Implementation:OpenGVLab InternVL Classification Main
| Knowledge Sources | |
|---|---|
| Domains | Image Classification, Distributed Training, Vision Transformer |
| Last Updated | 2026-02-07 14:00 GMT |
Overview
Main entry point for training and evaluating InternViT-6B on image classification tasks, orchestrating the full distributed training pipeline including model construction, optimization, mixed-precision training, checkpointing, and validation.
Description
This module serves as the central training and evaluation script for InternViT-6B classification. It initializes distributed training (supporting both PyTorch launcher and SLURM), linearly scales learning rates based on total batch size, and builds all components via the config system. The main function assembles the complete pipeline: data loaders, model wrapped in DistributedDataParallel, optimizer, AMP setup (native or Apex), LR scheduler, and loss criterion (SoftTargetCrossEntropy with mixup, LabelSmoothingCrossEntropy, or standard CrossEntropy).
The train_one_epoch function handles mixed-precision forward/backward passes, gradient accumulation, gradient clipping, loss scaling, and EMA (Exponential Moving Average) model updates. Validation supports standard ImageNet (validate), ImageNet-ReaL relabeled evaluation (validate_real), and ImageNet-A/R subset masking via index-based output filtering. The script includes ImageNet-22K to 1K class mapping for models pretrained on the larger label set.

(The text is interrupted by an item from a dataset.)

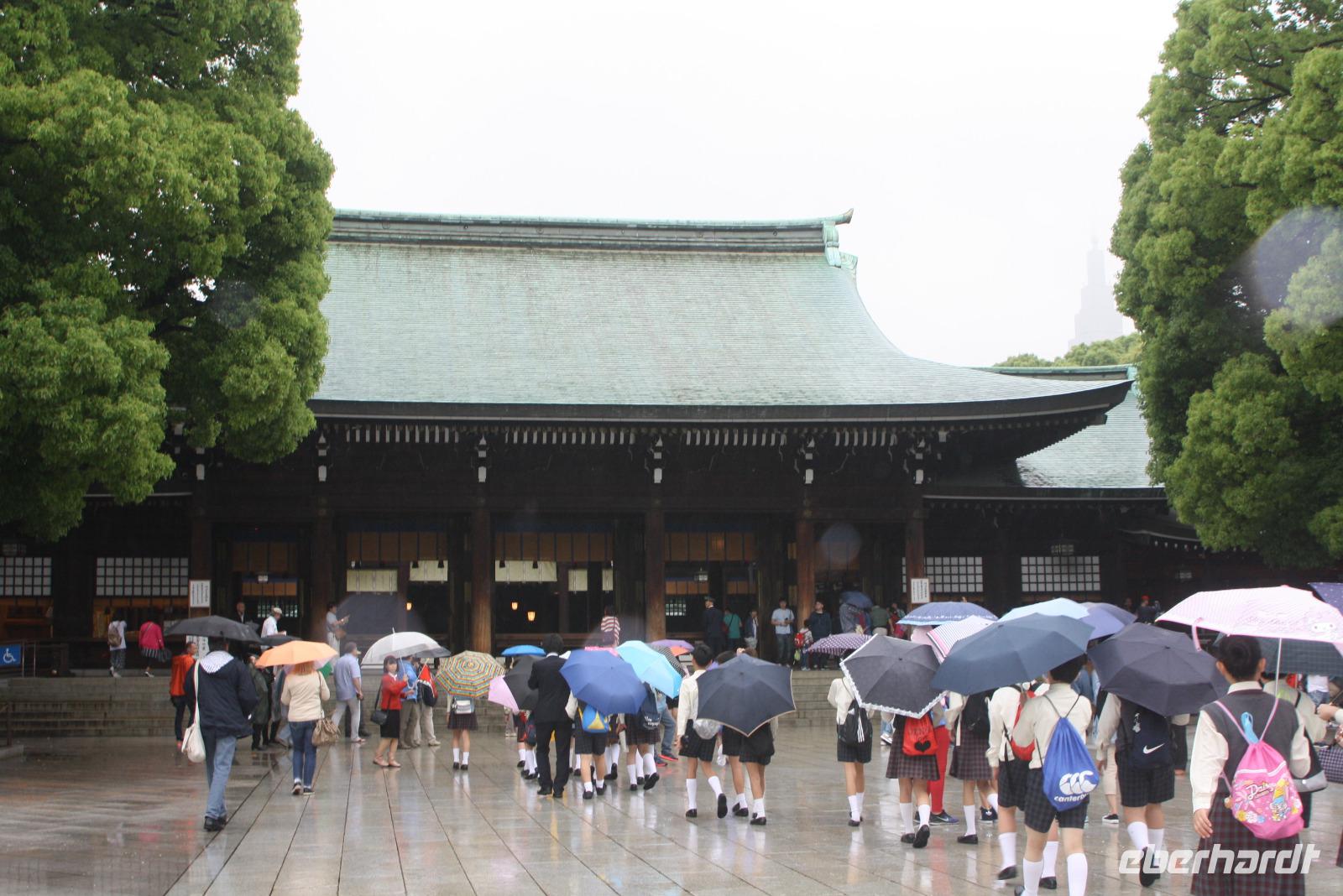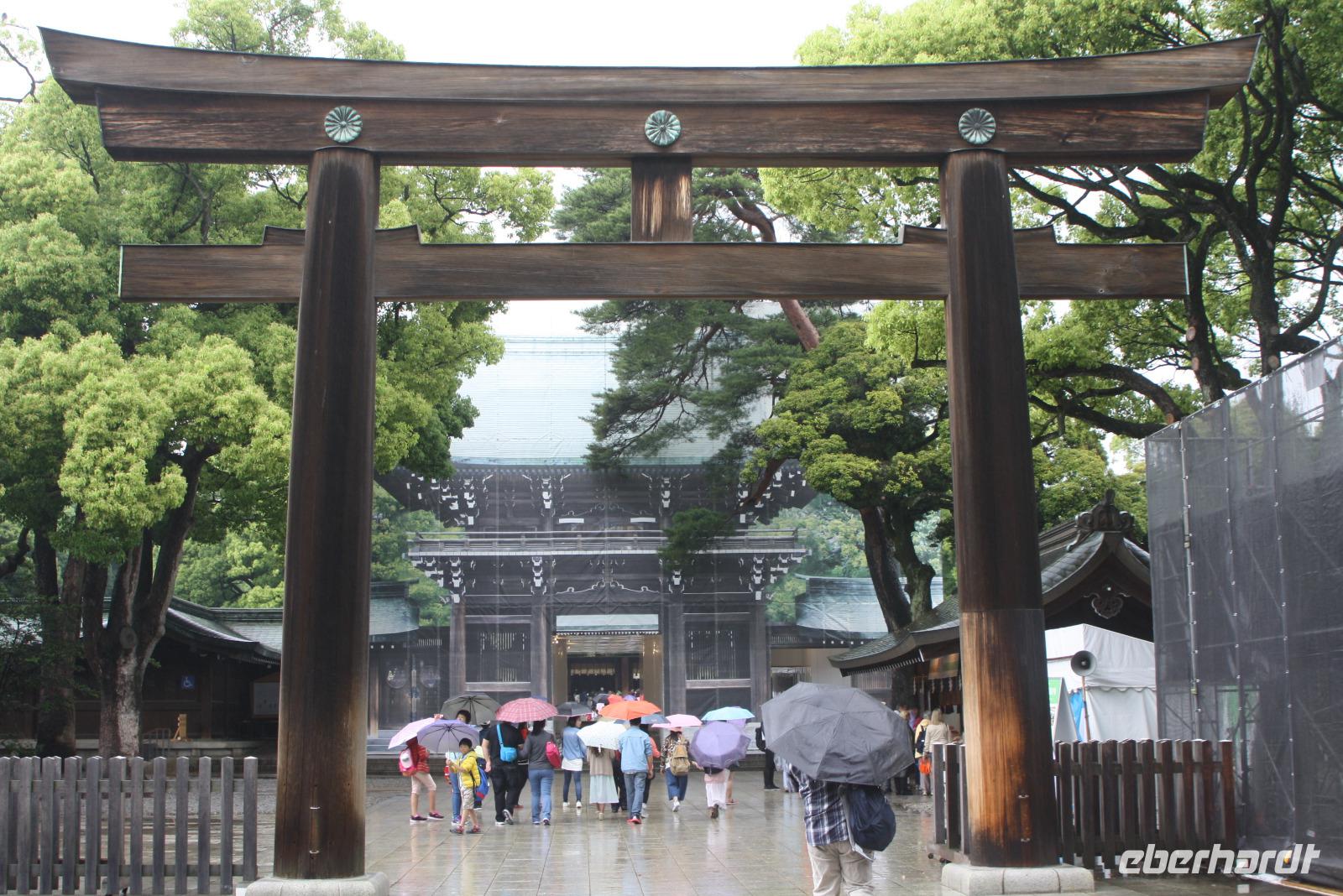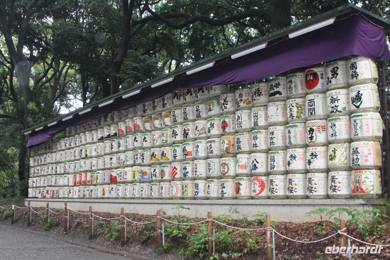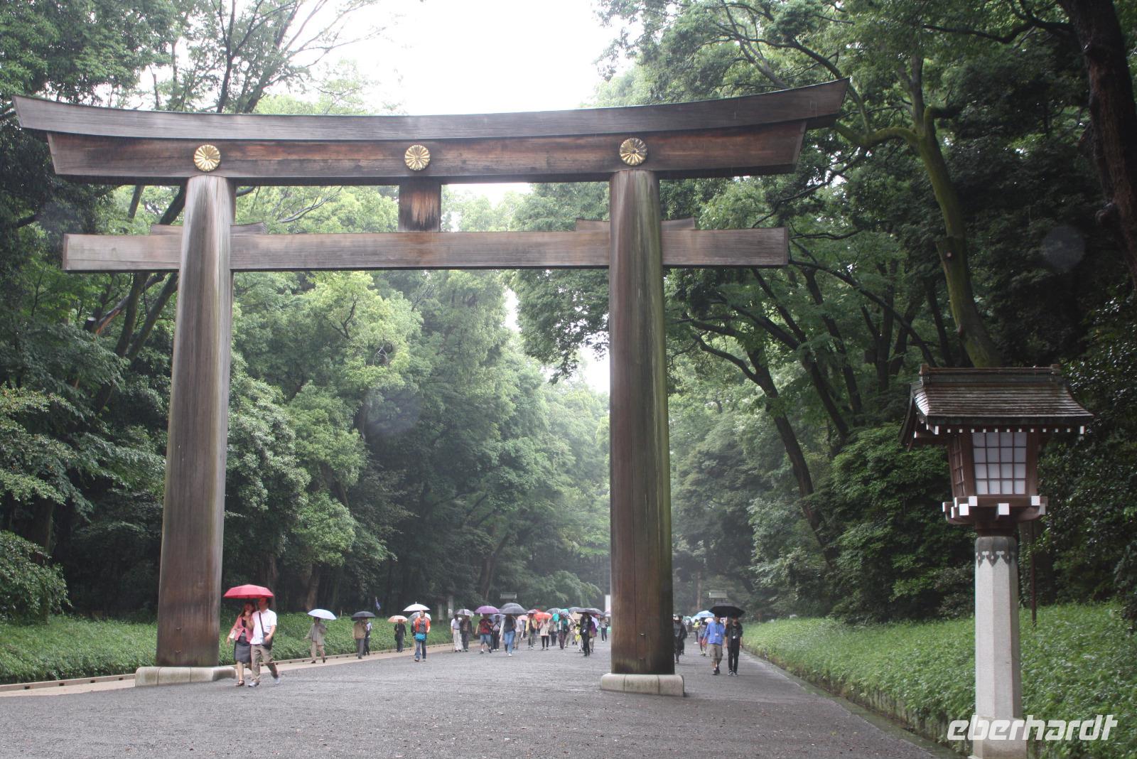 Mit dem Bus drehen wir die ersten Runden durch die Präfektur Tokio. Die Stadt aus Beton steht hauptsächlich auf künstlich aufgeschüttetes Land, das früher ein gigantisches Moorgebiet war. Tokio heißt die östliche Kaiserstadt, da der Kaiser die Hauptstadt von Kyoto nach Tokio verlegte. Bei der Fahrt durch die breiten Boulevards merkt man der Stadt nicht an, dass sie schon vier Mal fast komplett zerstört wurde. Zwei Mal als sie noch Edo hieß, einmal durch das Erdbeben von 1923, wo 60% Tokios einstürzte und durch den Bombenangriff der USA 1944, wo sogar 90% dem Erdboden gleich gemacht wurden. Die ehemaligen Holzgebäude wurden durch Stahlbeton ersetzt, doch lehnen sich an deren alten Konstruktionsweise, um erdbebenresistent zu bleiben. Heute bestaunen wir die 36 Millionen Metropole mit offenen Mündern, die immer größer werden, als wir entlang des Wirrwarrs der zahlreichen aufwendig aufeinander errichteten Schnellstraßen und Bahnlinien fahren. Vorbei am Edelviertel Shinjuku halten wir am Meiji-Schrein. Wir spazieren durch die grüne Lunge Tokios, in dem die Gedenkstätte des Meiji-Kaisers versteckt ist. Am Eingang befinden sich riesige Reisweinfässern mit edlen Tropfen des Sakes gefüllt. Auf der gegenüberliegenden Seite stehen Rotweinfässern mit köstlichem französischem Wein zu Ehren des ehemaligen Meiji-Kaisers, der gern Rotwein trank. Vor dem Beschreiten des riesigen Holztores hören wir von Mythen und Legenden über die Entstehung des japanischen Volkes, die von den Sonnengöttern abstammen. Dabei erfahren wir auch die Stellung des Mannes in der japanischen Geschichte und Gegenwart. Alle Kaiser sind als Gottheit anzusehen und den japanischen Kaiser gibt es inzwischen schon in der 128. Generation.
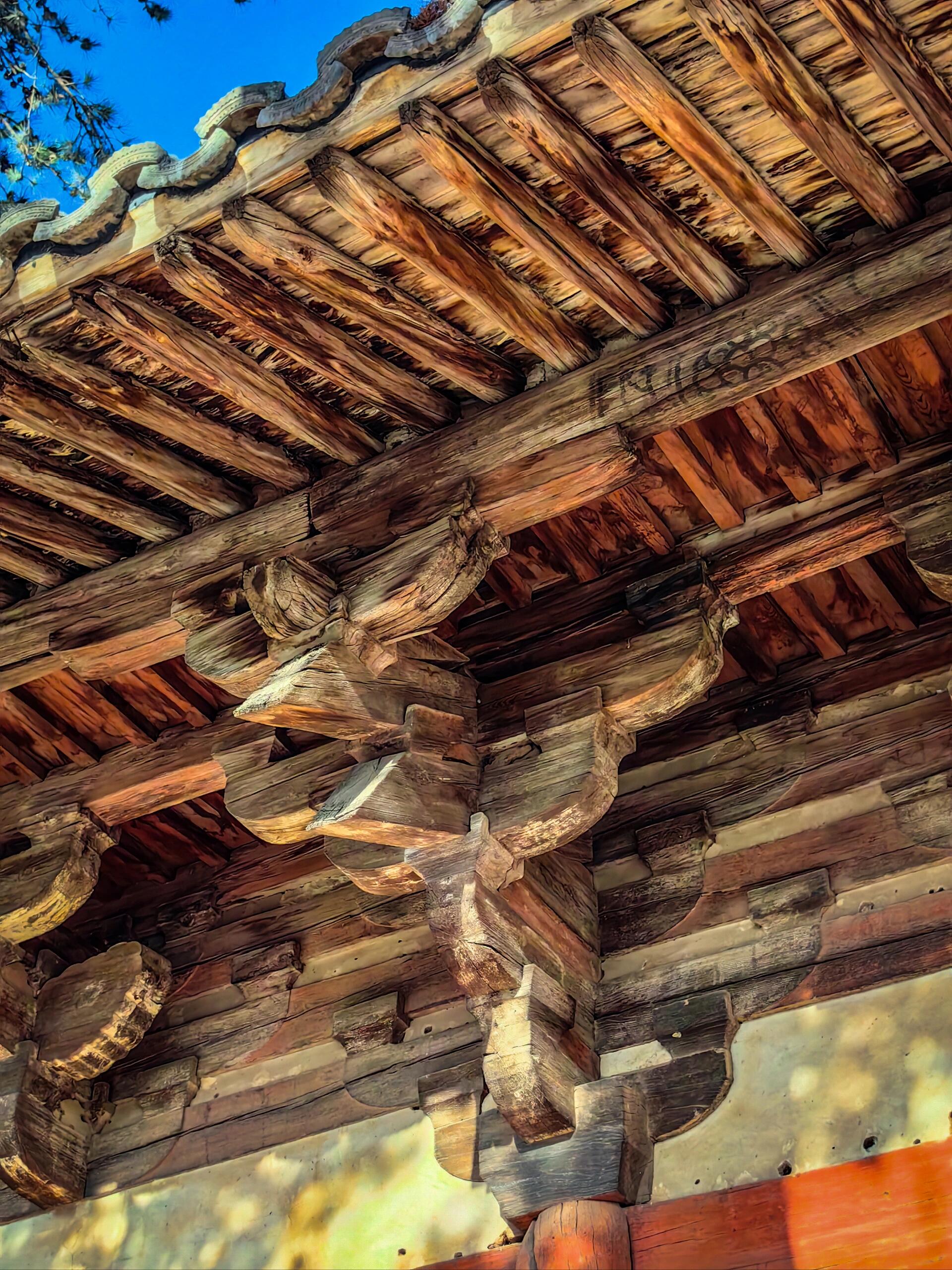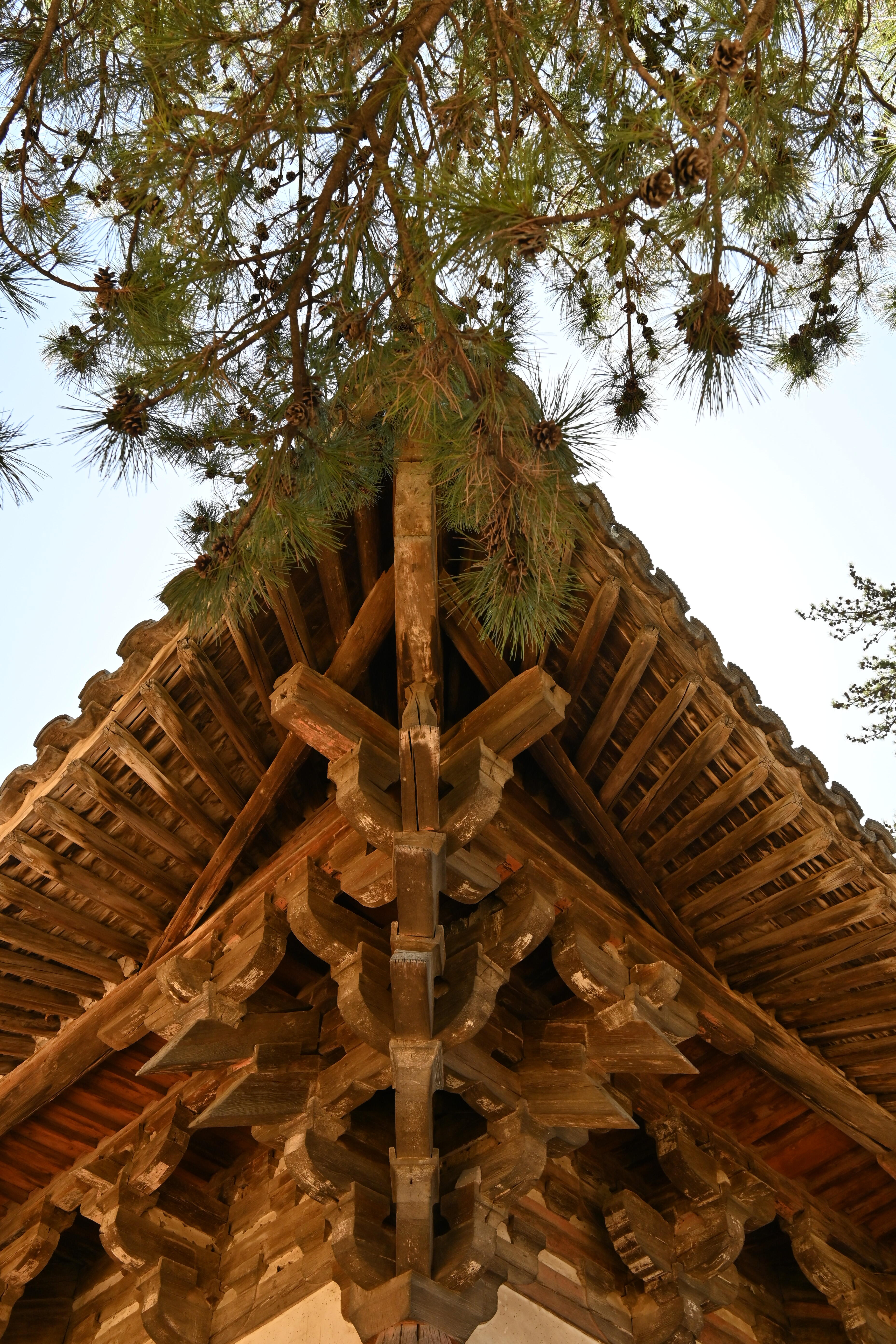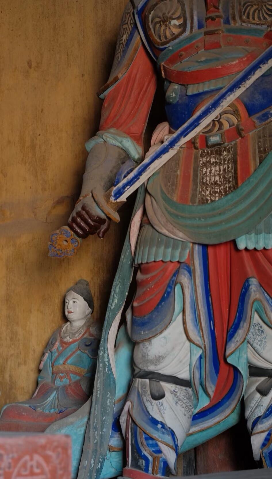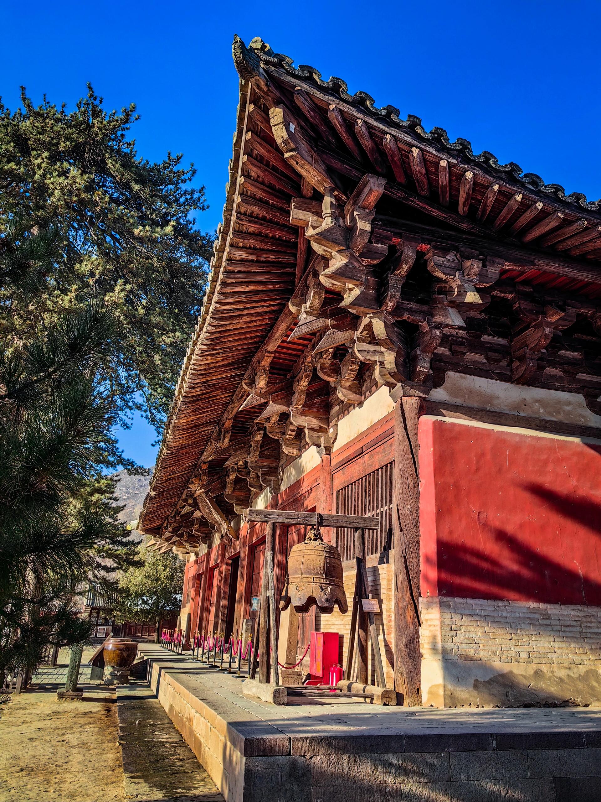 穿过山门,首先见到的是文殊殿,这座七间大殿看似与其他古寺的殿宇并无二致,仔细观察却能发现它的特别之处——它是金代建筑的典型代表。与唐代建筑的雄浑大气不同,文殊殿的斗拱更显精巧,梁架结构也多了几分灵动,尤其是殿内的梁枋,没有使用一根立柱支撑,全靠斗拱与梁架的巧妙咬合来承重,这样的工艺在金代建筑中并不多见,也让这座殿宇成为了研究宋金时期建筑技术的重要实例。站在文殊殿内,抬头望向屋顶,那些已经历经近千年的木构件,依然严丝合缝,没有一丝松动,仿佛当年的匠人刚刚放下手中的工具,转身离开。

Checkpoints are saved periodically and for best accuracy, with automatic old checkpoint cleanup managed by the utility module. The script also supports throughput benchmarking mode for measuring inference speed.
Usage
Use this module as the primary entry point for training or evaluating InternViT-6B classification models. Invoke via distributed launcher (e.g., torchrun or SLURM) with a YAML config file specifying model architecture, data paths, and training hyperparameters. Set --eval for evaluation-only mode or --throughput for performance benchmarking.
Code Reference
Source Location
- Repository: OpenGVLab_InternVL
- File: classification/main.py
- Lines: 1-756
Signature
def parse_option():
...
def main(config):
...
def train_one_epoch(config, model, criterion, data_loader, optimizer, epoch,
mixup_fn, lr_scheduler, amp_autocast=suppress,
loss_scaler=None, model_ema=None):
...
@torch.no_grad()
def validate(config, data_loader, model, epoch=None, amp_autocast=suppress):
...
@torch.no_grad()
def validate_real(config, data_loader, model, real_labels, amp_autocast=suppress):
...
@torch.no_grad()
def throughput(data_loader, model, logger):
...
Import
# This is a standalone script, not typically imported
# Run via: torchrun --nproc_per_node=8 classification/main.py --cfg <config.yaml> --local-rank 0
I/O Contract
Inputs
| Name | Type | Required | Description |
|---|---|---|---|
| --cfg | str | Yes | Path to YAML config file defining model, data, and training parameters |
| --local-rank | int | Yes | Local rank for DistributedDataParallel |
| --batch-size | int | No | Override batch size for single GPU |
| --eval | flag | No | Perform evaluation only |
| --resume | str | No | Path to checkpoint for resuming training |
| --pretrained | str | No | Path to pretrained weights for fine-tuning |
| --throughput | flag | No | Run throughput benchmark only |
| --launcher | str | No | Distributed launcher type: pytorch or slurm |
Outputs
| Name | Type | Description |
|---|---|---|
| checkpoints | .pth files | Saved model checkpoints at config.OUTPUT directory |
| config.json | JSON file | Saved full training configuration |
| logs | stdout | Training/validation metrics logged per epoch and per print frequency |
Usage Examples
Basic Usage
# Training with PyTorch distributed launcher
# torchrun --nproc_per_node=8 classification/main.py \
# --cfg configs/intern_vit_6b_224px.yaml \
# --local-rank 0 \
# --batch-size 128 \
# --data-path /path/to/imagenet
# Evaluation only
# torchrun --nproc_per_node=1 classification/main.py \
# --cfg configs/intern_vit_6b_224px.yaml \
# --local-rank 0 \
# --eval \
# --resume /path/to/checkpoint.pth